SEED: You know this isn’t normal? Normal people don’t follow fleeting farmer’s-market realizations by confidently adopting whole new professions…

AUDRA: Yeah. I’ve been too busy telling the stories to stop and worry about whether or not I’m capable. It’s like running in front of a speeding train. I haven’t had time for self-doubt. I’ve just kept doing things.

SEED: Well, you certainly caught a wave in the culture.

AUDRA: I did. There was a perfect storm of people starting to care about food, about farmers, about gender issues. Yet, when I looked at the available information, it was told only through men’s eyes. The gender lens hadn’t been applied. Historically and agriculturally speaking, the media left women behind. When we talk about World War II, all we talk about is Rosie the Riveter. What about the women who kept farms afloat while men were at war?

SEED: When you first started The Female Farmer Project, would you have labeled yourself an activist or a feminist?

AUDRA: I don’t know if I would’ve called myself any of those things. I was a mom who was enthusiastic about local food and eager to help. I could see that the farmers in my area were having a hard time getting the message across, because they literally had no time.

SEED: Beyond raising awareness, is there more you want the Project to accomplish?
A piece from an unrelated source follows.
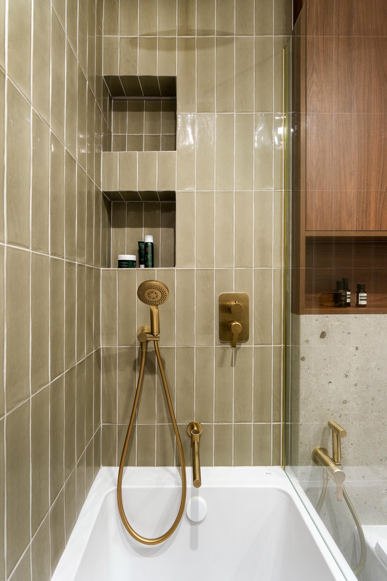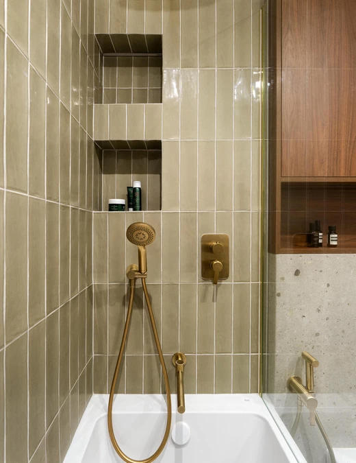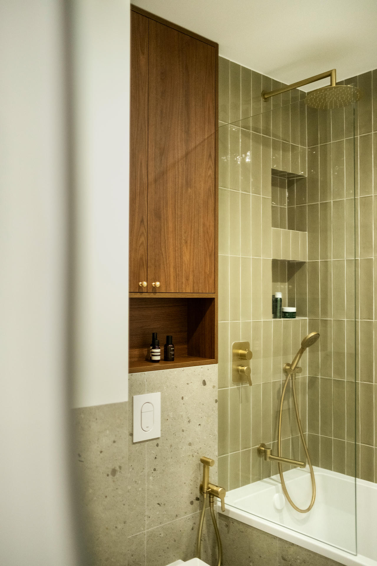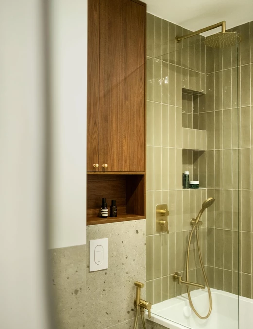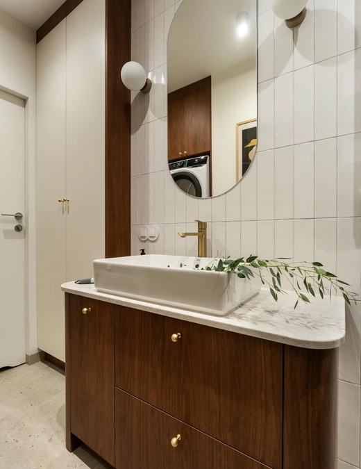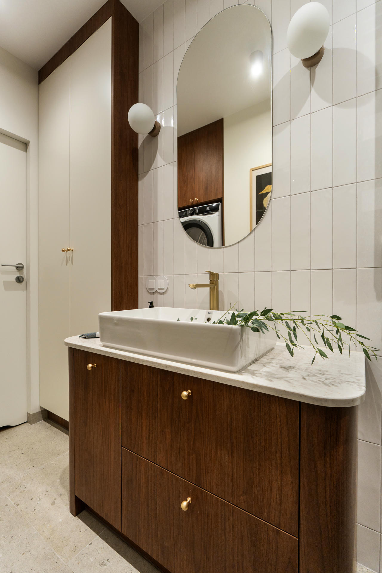 Największym wyzwaniem była łazienka – ponadprzeciętnie długa i wąska jak na nowe budownictwo, a konieczne było zmieścić w niej słupek z pralką i suszarką, miejsce na przechowywanie ręczników, chemii, kosmetyków – i to nam się bardzo udało – zaznacza projektantka z Flat Studio. Dzięki sprytnym rozwiązaniom i zastosowaniu zaobleń udało się „złagodzić” przestrzeń, czyniąc ją bardziej komfortową i funkcjonalną.

AUDRA: Awareness is a lot. Exhibiting my portraits at the UN and the USDA, getting these images in front of policy makers, is like planting a seed. If I can change these people’s minds about what a farmer looks like, then they can change policy. I don’t want to say, “mission accomplished,” but there’s a conversation now about women in agriculture, and it’s starting to include talk about equity and loans and accessibility to land. If we can get that stuff straight here in the U.S., it will ripple out globally.

SEED: And you’re doing all of this for free?

AUDRA: My photography was never intended to make money. I’ve never watermarked my images. I’ve always had it in my mind that they’re going to be part of the public domain someday. One end-goal is donating all of the images to the Library of Congress, so these women will be inserted into history forever. I’d also love for them to be exhibited at the Smithsonian’s Museum of American History, in that little corner devoted to food and farming, representing this era when women started to reclaim the food system.

SEED: That’s a big responsibility, no? Representing the new wave of female farmers and preserving their role in the food system for posterity?

AUDRA: It’s conversation between me and them. When I’m photographing these women, I’m talking to them, portraying them in a way that they feel comfortable. So many images of female farmers disembody them, cropping out their faces or showing them from behind, bending over. There’s too much of that out there and not enough of women just actually working.

SEED: Anything else you think our readers should know?

AUDRA: Yes, I want to encourage them to take action if they care about something. I wasn’t a photographer. I wasn’t a writer. It doesn’t take someone special to make a change.